▶ Directions: The exact lines of the listing, from its first through the line that contains "Биће спорта, музике", are to make up the answer, and pictures are to be left out.

▶ Data to use:
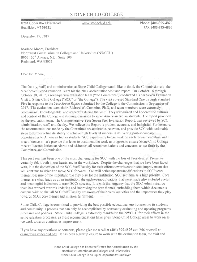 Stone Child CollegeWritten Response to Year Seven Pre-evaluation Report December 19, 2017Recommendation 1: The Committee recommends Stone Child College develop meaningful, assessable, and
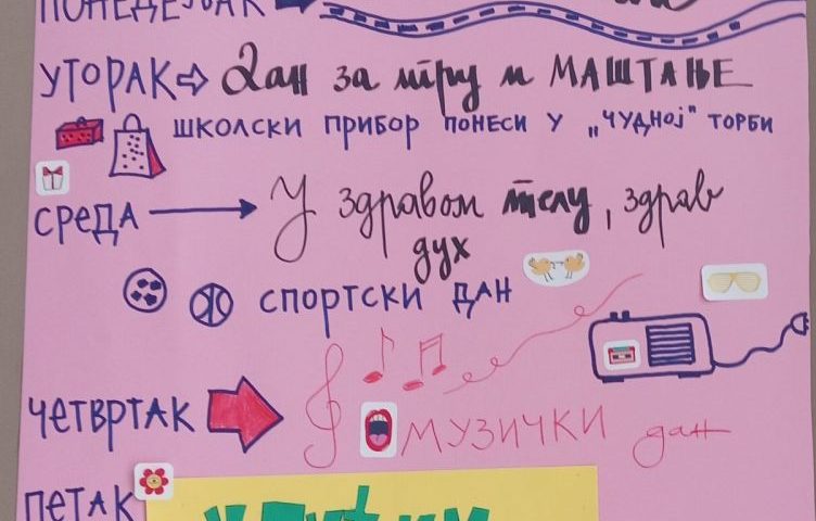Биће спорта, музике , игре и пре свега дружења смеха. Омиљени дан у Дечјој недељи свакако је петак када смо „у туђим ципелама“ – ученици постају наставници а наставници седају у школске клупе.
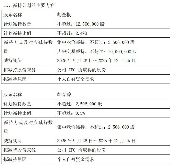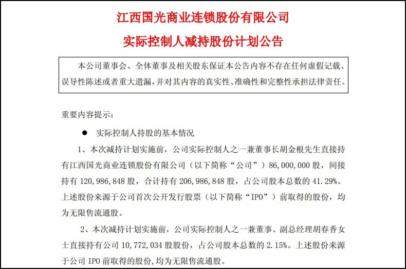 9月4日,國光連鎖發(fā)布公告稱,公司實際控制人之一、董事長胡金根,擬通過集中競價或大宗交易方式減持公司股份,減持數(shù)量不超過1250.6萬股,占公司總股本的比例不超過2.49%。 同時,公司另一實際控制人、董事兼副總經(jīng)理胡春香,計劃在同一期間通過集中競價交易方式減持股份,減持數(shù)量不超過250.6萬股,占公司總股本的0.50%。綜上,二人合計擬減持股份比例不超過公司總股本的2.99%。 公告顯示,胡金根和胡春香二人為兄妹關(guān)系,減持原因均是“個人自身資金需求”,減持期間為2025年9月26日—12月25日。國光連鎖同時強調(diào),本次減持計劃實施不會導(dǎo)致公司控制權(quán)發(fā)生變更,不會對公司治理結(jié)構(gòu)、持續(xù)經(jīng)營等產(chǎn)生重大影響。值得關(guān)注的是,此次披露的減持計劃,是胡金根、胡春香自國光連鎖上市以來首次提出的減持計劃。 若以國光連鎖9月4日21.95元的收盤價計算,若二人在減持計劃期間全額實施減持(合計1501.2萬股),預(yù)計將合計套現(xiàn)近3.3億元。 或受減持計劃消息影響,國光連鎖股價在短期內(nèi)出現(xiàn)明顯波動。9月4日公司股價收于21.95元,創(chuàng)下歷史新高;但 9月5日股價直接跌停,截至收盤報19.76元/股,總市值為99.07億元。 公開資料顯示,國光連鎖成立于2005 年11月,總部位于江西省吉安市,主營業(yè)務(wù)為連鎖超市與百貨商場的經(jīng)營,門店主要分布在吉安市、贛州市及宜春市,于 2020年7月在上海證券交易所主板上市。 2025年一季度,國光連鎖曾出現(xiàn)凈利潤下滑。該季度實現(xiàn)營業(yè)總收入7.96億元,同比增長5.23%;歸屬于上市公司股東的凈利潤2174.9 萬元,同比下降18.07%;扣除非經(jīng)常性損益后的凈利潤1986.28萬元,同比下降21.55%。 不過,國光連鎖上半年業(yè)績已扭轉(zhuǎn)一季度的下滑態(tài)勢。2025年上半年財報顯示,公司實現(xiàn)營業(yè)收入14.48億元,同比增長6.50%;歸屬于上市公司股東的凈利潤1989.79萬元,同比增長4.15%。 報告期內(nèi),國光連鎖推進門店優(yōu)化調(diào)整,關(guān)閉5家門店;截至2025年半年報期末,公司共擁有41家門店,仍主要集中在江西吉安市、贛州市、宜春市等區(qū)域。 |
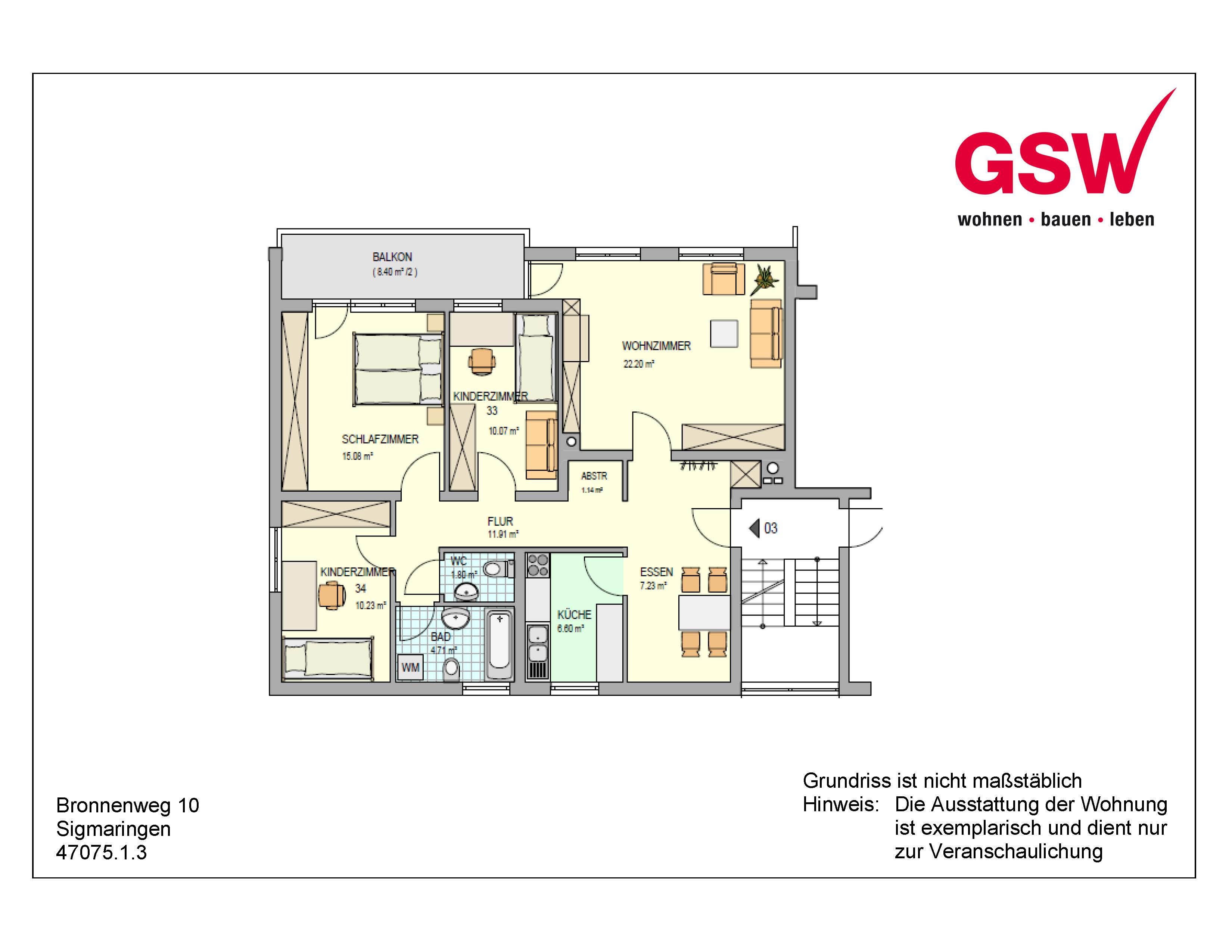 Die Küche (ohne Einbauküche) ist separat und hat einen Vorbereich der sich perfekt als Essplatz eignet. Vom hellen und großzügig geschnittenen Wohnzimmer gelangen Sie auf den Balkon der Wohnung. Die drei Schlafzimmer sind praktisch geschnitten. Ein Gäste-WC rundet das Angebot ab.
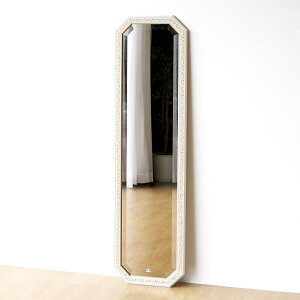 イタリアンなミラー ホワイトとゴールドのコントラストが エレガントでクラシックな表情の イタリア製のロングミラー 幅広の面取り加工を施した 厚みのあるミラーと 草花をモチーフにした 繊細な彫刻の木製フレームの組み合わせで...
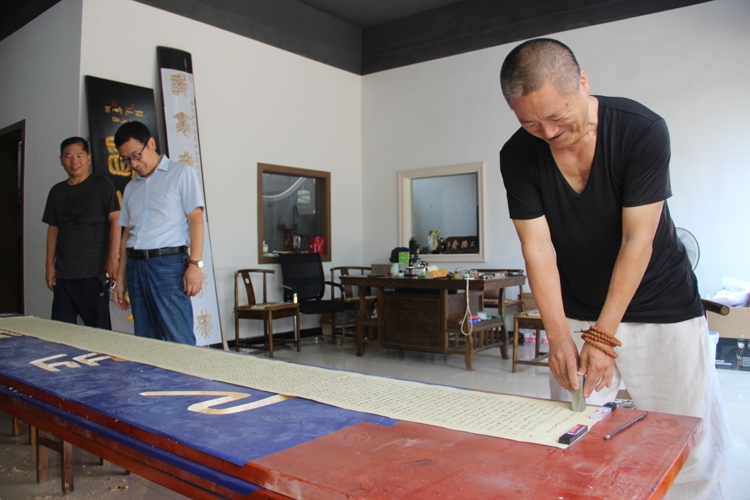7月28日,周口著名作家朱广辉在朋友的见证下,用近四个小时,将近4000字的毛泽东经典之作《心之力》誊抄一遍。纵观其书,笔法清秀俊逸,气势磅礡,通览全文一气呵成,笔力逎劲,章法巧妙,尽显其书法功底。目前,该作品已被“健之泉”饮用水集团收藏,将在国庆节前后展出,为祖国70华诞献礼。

▶ Solution to the exercise:
 Stone Child CollegeWritten Response to Year Seven Pre-evaluation Report December 19, 2017Recommendation 1: The Committee recommends Stone Child College develop meaningful, assessable, and
Биће спорта, музике , игре и пре свега дружења смеха. Омиљени дан у Дечјој недељи свакако је петак када смо „у туђим ципелама“ – ученици постају наставници а наставници седају у школске клупе.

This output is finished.